Türk Feministler Türkiye'yi Irkçılıkla Suçladı
Karabük’te Gabonlu üniversite öğrencisi Dina’nın ölümüne ilişkin davanın duruşmasında ırkçılık tartışması çıktı. Aile avukatı Türkiye’de ırkçılık olduğunu iddia ederken, mahkeme başkanı bunu reddetti. Türk feminist avukatların söylemleri ise tepki çekti.
Karabük’te geçen yıl Filyos Çayı’nda cesedi bulunan Gabonlu üniversite öğrencisi Jeannah Danys Dinabongho Ibouanga’nın (17) ölümüne ilişkin davanın 2’nci duruşması Karabük 1. Ağır Ceza Mahkemesi’nde görüldü. Duruşmada, genç kızın aile avukatları ile mahkeme başkanı arasında ırkçılık tartışması çıktı.
Duruşmaya, tutuklu sanık Dursun Acar, Gabonlu öğrenciler, maktulün annesi, babası ve davayı gönüllü üstlenen feminist avukatlar ile sanık avukatı katıldı.
Duruşmada söz alan maktulün aile avukatlarından Gülyeter Aktepe, Dina’nın Türkiye’de ırkçılığa maruz kaldığını belirterek, “Dina Türkiye'de ırkçılığa maruz kaldığını söylüyor. Bu hususta beyanları var. Dina ten rengi yüzünden ayrımcılığa maruz kaldığını söylüyor. Bu durum yazışmalarında bilirkişi raporuyla da belirtiliyor.” dedi.
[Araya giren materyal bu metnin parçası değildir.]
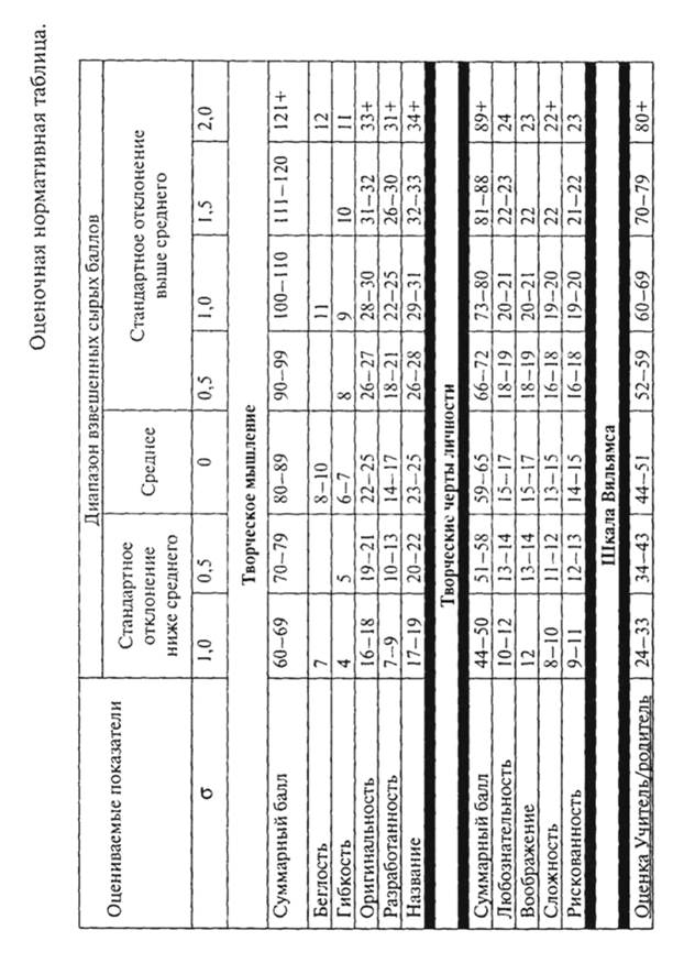 Все восемь факторов — дивергентного мышления (4) и личностных творческих характеристик (4) модели Вильямса включены в эту шкалу для оценки родителями и учителями. Для каждого фактора представлены 6 утверждений, для каждого утверждения дается выбор из 3 возможных типов поведения: «часто», «иногда» и «редко».

Mahkeme başkanı ise, Türkiye’de ırkçılık olmadığını savunarak, “Türkiye’de veya Karabük’te ırkçılık olsa 10 bin yabancı öğrenci olmaz. Özel bir ırkçılık, kişiye yönelik bir şey yok. Irkçılık olsa o kadar öğrenci gelmez. Türkiye’de ırkçılık yoktur.” diye cevap verdi.
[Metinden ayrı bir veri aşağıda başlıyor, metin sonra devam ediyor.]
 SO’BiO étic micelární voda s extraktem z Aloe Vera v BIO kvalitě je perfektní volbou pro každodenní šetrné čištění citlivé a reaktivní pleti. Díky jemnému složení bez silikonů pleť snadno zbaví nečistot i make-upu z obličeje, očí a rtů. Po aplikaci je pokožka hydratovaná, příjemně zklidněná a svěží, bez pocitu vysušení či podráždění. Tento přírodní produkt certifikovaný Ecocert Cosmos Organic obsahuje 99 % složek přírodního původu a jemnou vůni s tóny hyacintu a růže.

Mahkeme başkanının bu sözleri üzerine salonda gerginlik yaşandı. Türk feminist avukatların Türkiye’de ırkçılık olduğuna dair söylemleri ise Karabük kamuoyu tarafından tepkiyle karşılandı.
Duruşma, Sanık Dursun A.’nın tahliye talebinin reddine ve tutukluluk haline devam kararının verildiği duruşma 29 Nisan 2024 tarihine ertelendi.
Tepkiniz nedir?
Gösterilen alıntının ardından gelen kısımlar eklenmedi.